The former New York Times reporter — who came under fire for doxxing the anonymous “Libs of TikTok” account — insisted her tone was justified because she immediately started “getting more rape threats in the DMs than normal.”
“But can’t log off and miss the chaos!” she admitted.
Journalism professor Jeff Jarvis had called the takeover an “emergency,” saying: “Twitter is to be taken over by the evil Sith lord.”
“The sun is dark,” he later wrote while tweeting news that Musk “completes Twitter takeover and fires top executives.”
“I don’t want you to leave Twitter. I hope you stay and fight,” he told his 177,700 followers.
Former Huffington Post writer Michael Hobbes said he was “‘finding it pretty hard to make jokes about Elon buying Twitter.”
“Nearly every American media institution is now openly right-wing or obsessed with giving reactionaries the benefit of the doubt. What’s the case for optimism about the next decade at this point?” he asked.
Almost as soon as news broke that Musk was in charge, many predicted the site’s impending demise.
“There is, both inside and outside the company, an apocalyptic feel to the ordeal,” Charlie Warzel insisted in The Atlantic.
“Musk very well could kill Twitter out of malice or hubris, or through calculated, boneheaded decisions” — or plain old “neglect,” he wrote soon after the Tesla mogul took over.
Forbes sustainability senior contributor Dave Vetter asked his nearly 10,000 followers: “After Elon has demolished Twitter, where will you go?”
He insisted Musk’s free-speech policies could only mean that the platform will be “swamped by Nazis, Pepes and other invertebrates.”
He insisted that if Musk “does what he says he wants to do, I don’t see how Twitter will continue to function.”
Uproxx writer Mike Redmond warned his followers about how “quickly this whole site is about to go down.”

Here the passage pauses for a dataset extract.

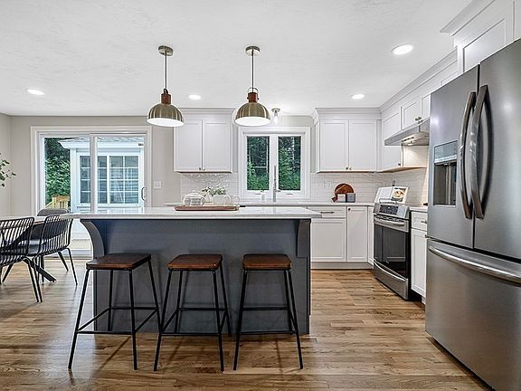 This home is an entertainer's dream! Relax on your new deck, watch swimmers from your enclosed cabana, or stroll through the expansive, beautifully landscaped yard. Thoughtfully remodeled, this home boasts 3 large bedrooms, a primary en-suite and walk-in closet, hardwood floors, a new kitchen with quartz countertops, all new appliances, and a beverage station! Watch the sunset from the sun room with a vaulted wood ceiling and double sliding doors that open to the patio and built-in pool. A finished basement has an additional family room, mud room, exercise room, plenty of storage, and access to a two-car garage. Other upgrades include new windows, a new boiler and hot water system, and new roofs on the house and two outbuildings. This home has privacy and is located at the end of a two-house road with 4.6 acres surrounded by conservation land. A convenient commuter location in apple country and close to the hip restaurant scene in Hudson, this is your opportunity to own in Stow!

“It’s a miracle flames aren’t shooting out of it already,” he tweeted.
“Fast Politics” podcaster Molly Jong-Fast responded to Musk’s tweet that “the bird is freed” with a meme showing a bird instead slamming into a glass window.

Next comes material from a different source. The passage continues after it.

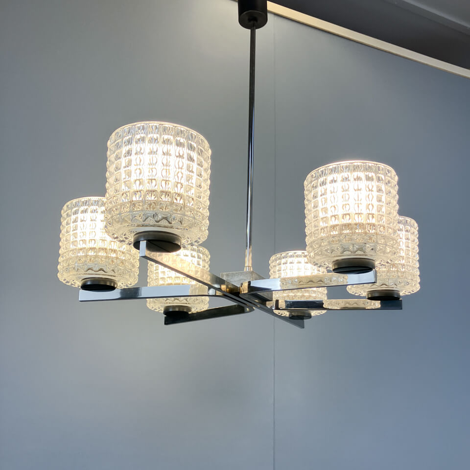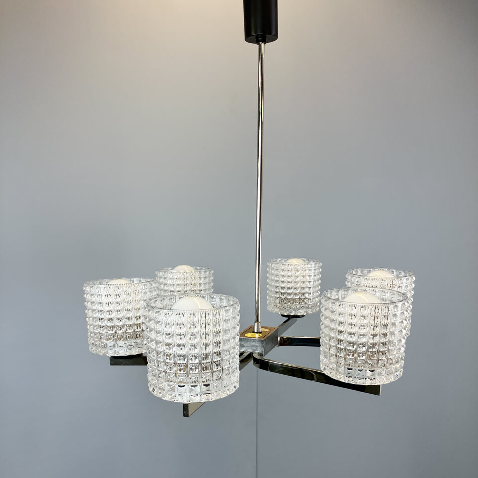 Seltener Vintage Kronleuchter aus deutscher Herstellung in super Erhaltungszustand. Durch die gewellte Oberfläche der Gläser wird das Licht schön gebrochen und die schwarzen Halterungen bilden eine tollen Kontrast zum silbernen Gestänge.

“Can someone make a new Twitter or is this a very stupid question?” she also asked.
Many also hoped that the top execs immediately fired by Musk would start their own Twitter 2.0.
Others praised Vijaya Gadde, Twitter’s top legal and policy executive — whom Musk criticized for blocking The Post’s Hunter Biden coverage and who made the decision to permanently ban then-President Donald Trump.
“People do not realize how much @vijaya did for free speech,” Techdirt editor Mike Masnick claimed of the censorship-happy fired exec.
“Twitter is less of a free speech platform without her.”
Jarvis, the journalism professor, also angrily went after outlets that called the firings “cleaning house,” tweeting that Musk was “purging the company of responsible adults with expertise and experience.”
Some celebrated Musk’s free-speech policy to take childish digs at him.
“Yay, manbaby with poor impulse control and edgelord tendencies has the helm. Sweet,” writer Dylan Reeve tweeted.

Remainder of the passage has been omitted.